● **DATA SHOWN**
=== Begin Enclosure ===
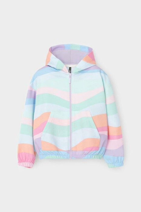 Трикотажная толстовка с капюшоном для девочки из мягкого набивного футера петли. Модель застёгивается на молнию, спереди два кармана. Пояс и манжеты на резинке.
=== End Enclosure ===
=== Begin Enclosure ===
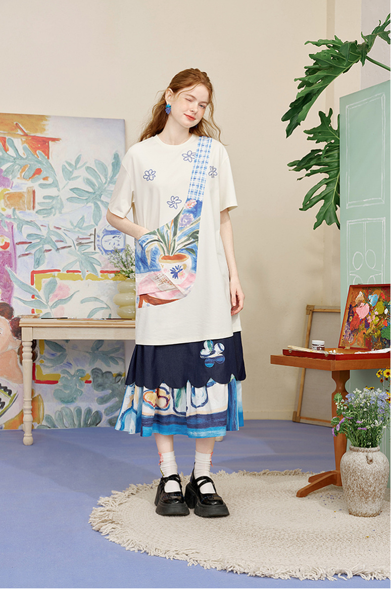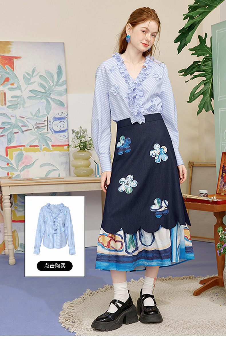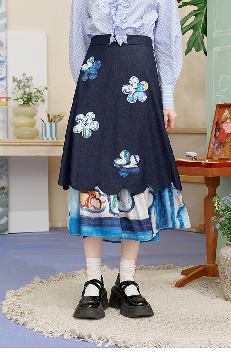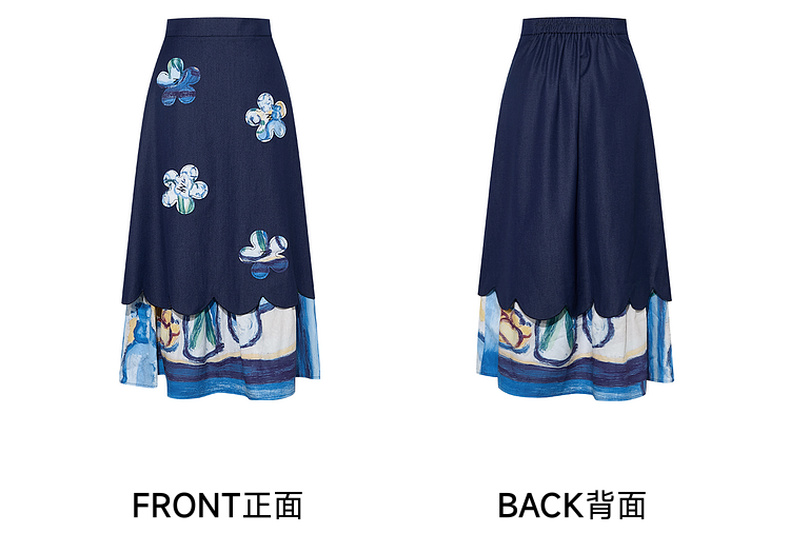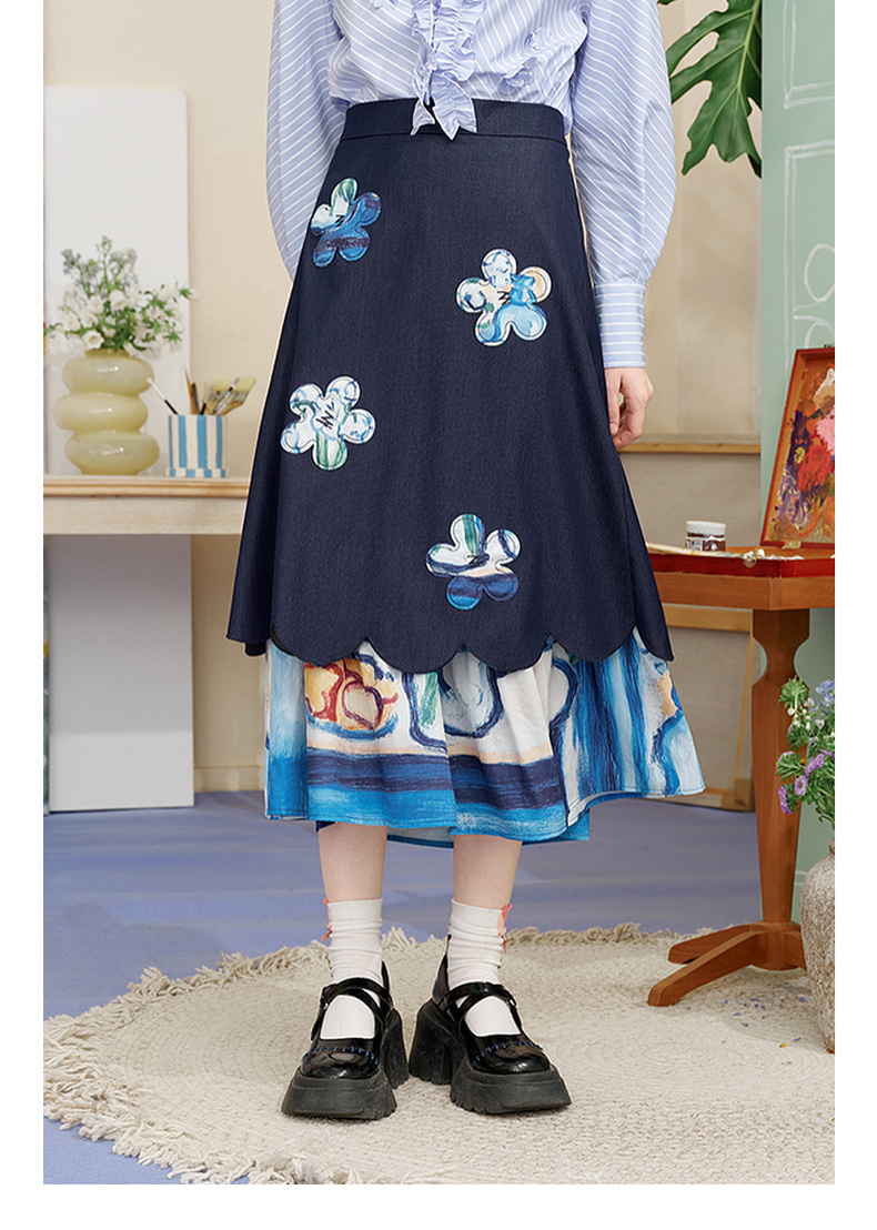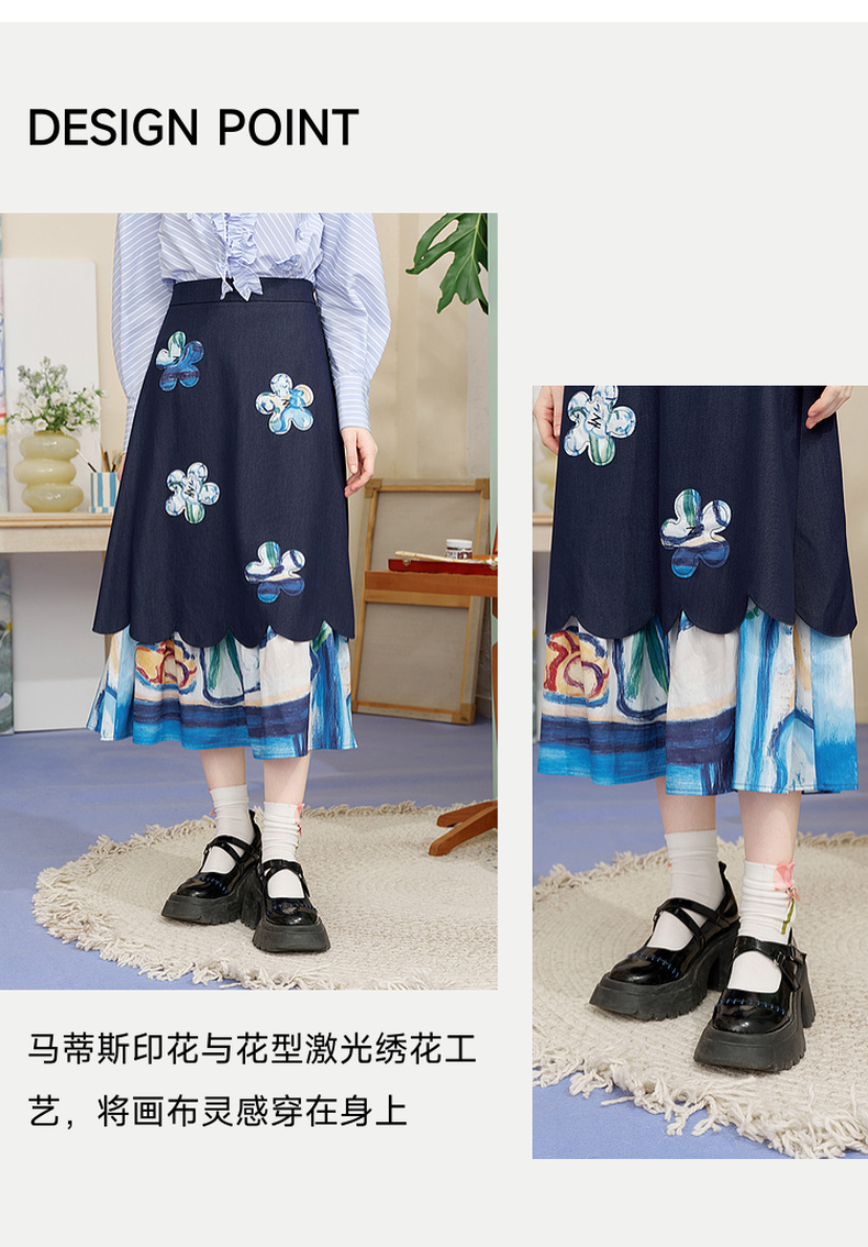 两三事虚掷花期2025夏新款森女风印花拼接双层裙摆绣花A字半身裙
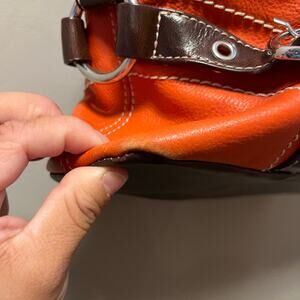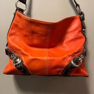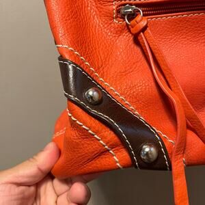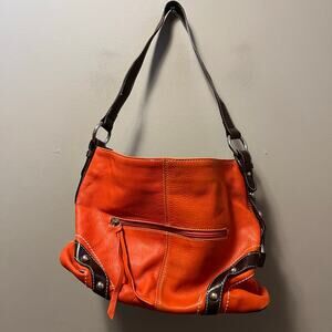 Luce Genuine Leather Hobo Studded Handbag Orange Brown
=== End Enclosure ===
=== Begin Enclosure ===
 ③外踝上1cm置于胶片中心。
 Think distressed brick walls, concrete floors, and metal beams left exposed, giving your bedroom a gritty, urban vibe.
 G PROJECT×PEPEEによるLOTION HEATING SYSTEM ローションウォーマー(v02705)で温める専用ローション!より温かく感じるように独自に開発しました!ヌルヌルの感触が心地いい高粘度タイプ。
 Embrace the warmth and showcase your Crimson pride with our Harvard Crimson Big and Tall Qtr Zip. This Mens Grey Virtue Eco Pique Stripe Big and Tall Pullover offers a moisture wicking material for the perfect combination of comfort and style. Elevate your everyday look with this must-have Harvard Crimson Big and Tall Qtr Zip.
=== End Enclosure ===
● **INSTRUCTIONS FOR THE TASK**
Copy the lines above exactly, starting at the one with "两三事虚掷花期2025夏新款森女风印花拼接双层裙摆绣花A字半身裙" and ending at the one with "Luce Genuine Leather", both included. Leave out any pictures and add nothing else.

● **TASK RESULT**
 两三事虚掷花期2025夏新款森女风印花拼接双层裙摆绣花A字半身裙
 Luce Genuine Leather Hobo Studded Handbag Orange Brown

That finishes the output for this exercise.